Pour cette dernière, on ne peut pas rester les bras croisés en voyant l’impact que l’Université Laurentienne a eu sur des institutions tels le Carrefour francophone de Sudbury, le journal Le Voyageur et le Centre franco-ontarien de Folklore.

« Pour le Nord de l’Ontario, c’est un lieu où tu apprends ton métier et ça contribue à l’ensemble de la carrière des gens, c’est là où tu peux vraiment avoir un sens d’identité et d’étudier en français pour retourner dans ta communauté pour contribuer à l’épanouissement de la langue et de l’économie. (…) Avec ce que l’Université a donné à la communauté, on ne peut pas rester à ne rien faire. On ne peut pas juste regarder le défilé. »

« Il n’y a pas personne dans l’administration qui parle et qui offre de l’aide » – La professeure en psychologie Line Tremblay

Même son de cloche pour la professeure en psychologie Line Tremblay qui s’inquiète que l’établissement prenne des décisions sans prendre en compte les conséquences sur l’aspect francophone et unique de l’Université Laurentienne.

« On voit juste l’arbre dans la forêt, et non toute la forêt. L’administration est face à une crise financière et c’est cette vision qui m’inquiète. Si tu es face à un ours, ce n’est pas de tomber dans la rivière qui t’inquiète, c’est l’ours », image Mme Tremblay.

Cette dernière dénonce le manque d’empathie et le côté humain dans la situation actuelle.

« Il y a une bombe qui est sortie et on annonce de possibles pertes d’emplois. Il n’y a pas personne dans l’administration qui parle et qui offre de l’aide. Il n’y a pas eu de communications publiques, aucune empathie pour les gens ou des paroles rassurantes. Je n’ai jamais entendu ; on va faire de notre mieux pour sauver le plus d’emplois possible, c’est plutôt : on va faire de notre mieux pour supprimer le plus d’emplois possible. Je ne dis pas que ce sont les vraies intentions des administrateurs, mais ils ne comprennent pas qu’ils ont un devoir de prendre soin de leur communauté, mais ils ne le font pas. »

Au gouvernement d’agir

L’Union des Associations de Professeurs des Universités de l’Ontario (OCUFA) accuse le gouvernement et le ministre des Collèges et des Universités Ross Romano de « refuser de défendre la population du Nord de l’Ontario et de fournir un financement vital à l’université publique ». L’OCUFA pointe du doigt la ministre des Affaires francophones Caroline Mulroney et M. Romano de « refuser de les rencontrer » et dit « se sentir abandonnés ».
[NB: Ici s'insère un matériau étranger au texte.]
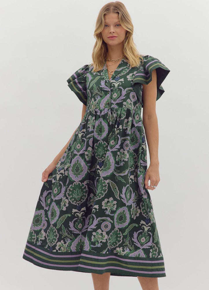Make a bold yet effortless statement in this flowy midi dress, featuring a rich green and lilac floral paisley print, flutter sleeves, and a flattering gathered waist. Perfect for brunch dates, garden parties, or just turning heads wherever you go.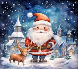 Festive Reindeers and Christmas Trees Holiday Canvas Print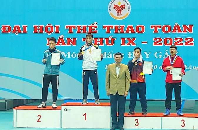 | VĐV Nguyễn Đức Nguyện (Đoàn Thái Nguyên) giành Huy chương Vàng môn đẩy gậy, hạng cân 63kg nam |
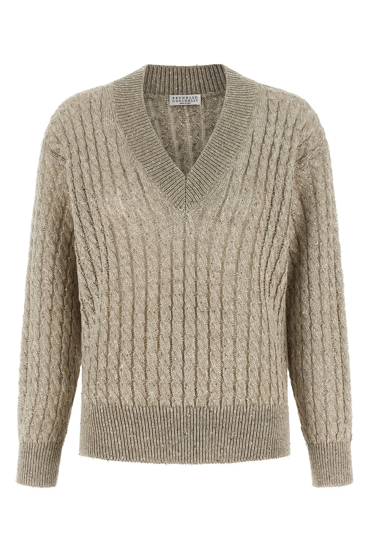 cod. MCO559702C1600 Knitted knitted linen sweater with all-over micro sequin applique, V-neck, long sleeves with cuffs and dropped shoulder, and band on the hem. Color: Beige Size & Fit: Comfort fit Composition: 94% linen 6% nylon Made in: Italy

« La position adoptée par M. Romano est irresponsable, menace les emplois, les programmes essentiels, la qualité de l’éducation des étudiants et fera un tort irréparable à l’université et à la communauté du Grand Sudbury », indique l’OCUFA dans un communiqué.

Le ministère répond qu’il a nommé le conseiller spécial, Alan Harrison pour lui fournir « des recommandations sur la façon dont le gouvernement peut procéder pour soutenir la viabilité financière à long terme de La Laurentienne ».

« La portée du mandat du conseiller spécial s’étendra au-delà de l’analyse financière et comprendra un examen d’autres facteurs sous-jacents à la situation à la Laurentienne. Le conseiller spécial fournira des conseils et des recommandations qui appuieront la prise de décision du gouvernement, y compris une perspective sur la gouvernance et la planification stratégique actuelle de la Laurentienne et les plans de retour à des opérations durables. Nous restons déterminés à faire en sorte que les étudiants de l’Université Laurentienne puissent poursuivre leurs études sans interruption », indique un porte-parole du ministre Romano.